The three-dimensional (3D) spatial organization of the human genome plays a crucial role in maintaining normal cellular function and proper gene regulation. Studies on chromatin conformation in the past decade have revealed different scales of genomic organization, with unique transcriptional consequences that range from individual genes to large clusters of co-ordinated expression 1, 2, 3, 4, 5. Briefly, chromatin loops occur when distant loci on the linear genome frequently contact each other in 3D nuclear space. The sizes of chromatin loops range from several kilobases to megabases, and they can be broadly categorized into two types 6, 7•: structural loops, which connect the CCCTC-binding factor (CTCF)-bound insulators, and regulatory loops, which link gene promoters to distal cis-regulatory elements such as enhancers or silencers and are commonly associated with gene regulation. At the hundreds of kilobases scale, chromatin is organized into topologically associating domains (TADs) 8, 9, where chromatin contacts are more enriched within a TAD than across TAD boundaries. Similar to loops, there are at least two types of TAD boundaries 7•, 10: one enriched with CTCF and Cohesin-binding sites and the other enriched with transcribed genes. Finally, the genome can be broadly divided into two compartments [11], an open and relatively active ‘A’ compartment and a closed and relatively inactive ‘B’ compartment. More recent work has shown the existence of subcompartments [12], and algorithms such as SNIPER [13] have been proposed to catch such multilayered structure.
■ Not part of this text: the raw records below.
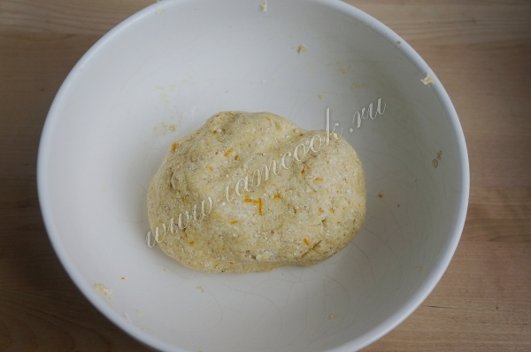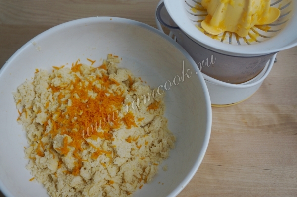 С апельсина снять цедру (на мелкой терке) и выложить ее в тесто. Выжать сок.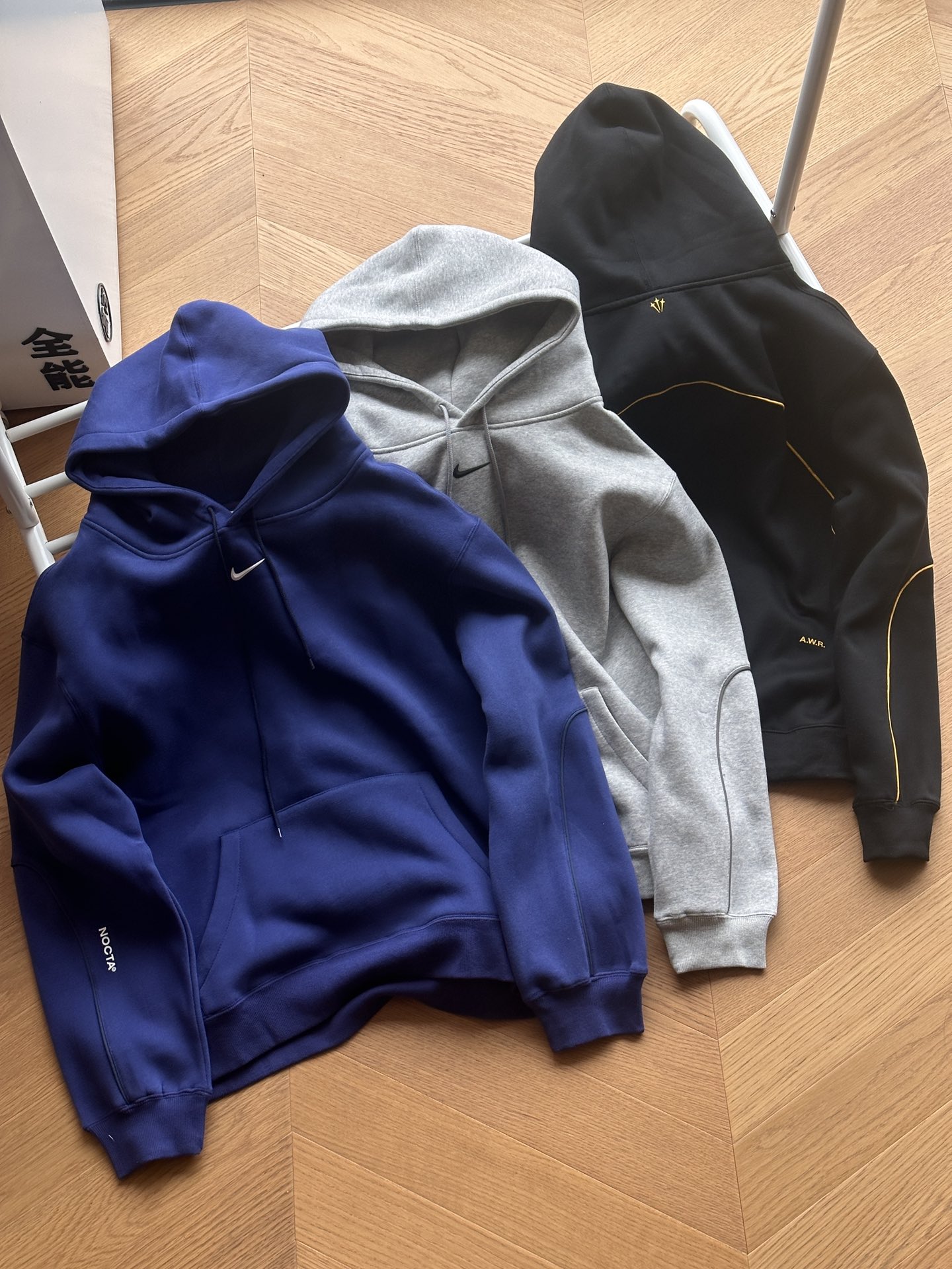 供 连帽卫衣💰170 🇷🇺Nike x Drake NOCTA系列 联名镶边起绒连帽卫衣🇷🇺男女同款 黑色黄标 黑色白标 蓝色 灰色 S~xl 🌘得物在售1400+,采用380克高克重加绒面料,立体硅胶印花,大身牙线反光工艺,对版对位,全网最高版本 🌘全套联名原版三标辅料齐全 尺码表:175 120 穿 S 合适 S:衣长65 胸围102 肩宽52 M:衣长67 胸围106 肩宽54 L:衣长69 胸围110 肩宽56 XL:衣长71 胸围114 肩宽58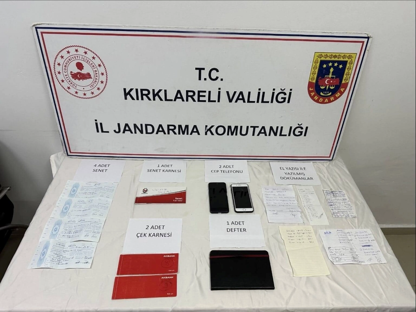 Düzenlenen operasyonda 4 adet dolu senet, 1 adet borçluların isimlerinin yazılı olduğu ajanda, 2 adet cep telefonu ve çeşitli dokümanlar ele geçirildi.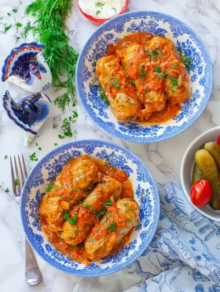 Cabbage leaves wrap around seasoned turkey and rice, then simmer in tomato sauce for a hearty, old-school meal.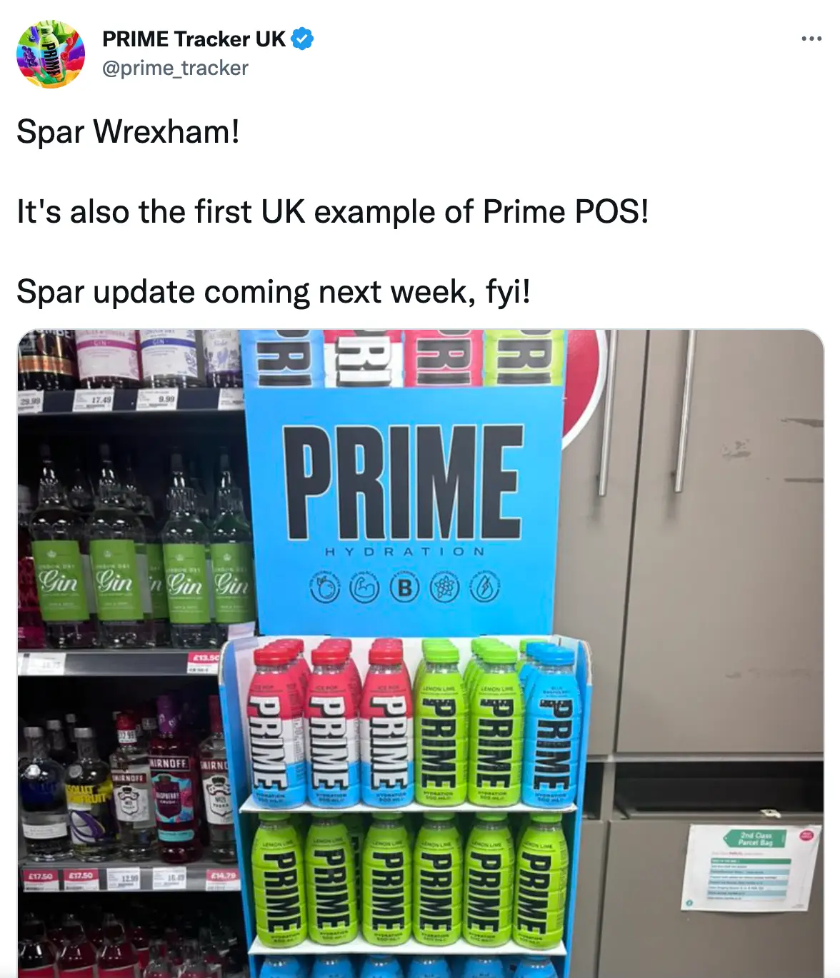 In a screenshot from a leaked internal message to Spar stores, the Prime Tracker Twitter account has claimed the drink will be available in three flavours from Spar as early as the first week of January.

As there have been many excellent reviews of 3D genome in normal tissues and developmental stages 1, 2, 3, 4, 5, 14, 15, 16, this review is more focused on recent findings specifically in cancer.

In recent years, there has been a growth spurt in the availability of Hi-C (a high-throughput chromatin conformation capture technology) data in cancer. It has been shown that cancer genomes undergo substantial changes in 3D genome organization, and these changes can be associated with malignant progression across the spectrum 17, 18, 19, 20, 21•, 22•, 23, 24, 25. TADs and chromatin compartments might undergo significant alterations due to genetic or epigenetic changes in cancer, leading to profound changes in the cancer gene regulatory landscape. In addition, there has been a flourish of works describing the alterations of 3D genome organization induced by genomic rearrangements or structural variations (SVs) in cancer genomes. Apart from more established mechanisms such as the deletion of tumor suppressor genes, the amplification of proto-oncogenes, and the formation of oncogenic fusion genes, emerging evidence underscores that SVs can directly contribute to tumorigenesis by disrupting 3D genome architecture. In particular, SVs have been shown to bring distal enhancers or silencers into close proximity with cancer-related genes, sometimes from another chromosome, resulting in the dysregulation of gene expressions through processes termed as ‘enhancer hijacking’ 26, 27, 28 or ‘silencer hijacking’ [22].

Here, we provide an overview of recent insights into the alterations of 3D genome organization and gene regulation in cancer, particularly those induced by SVs. We also discuss the clinical implications of these findings and some of the challenges ahead in this field.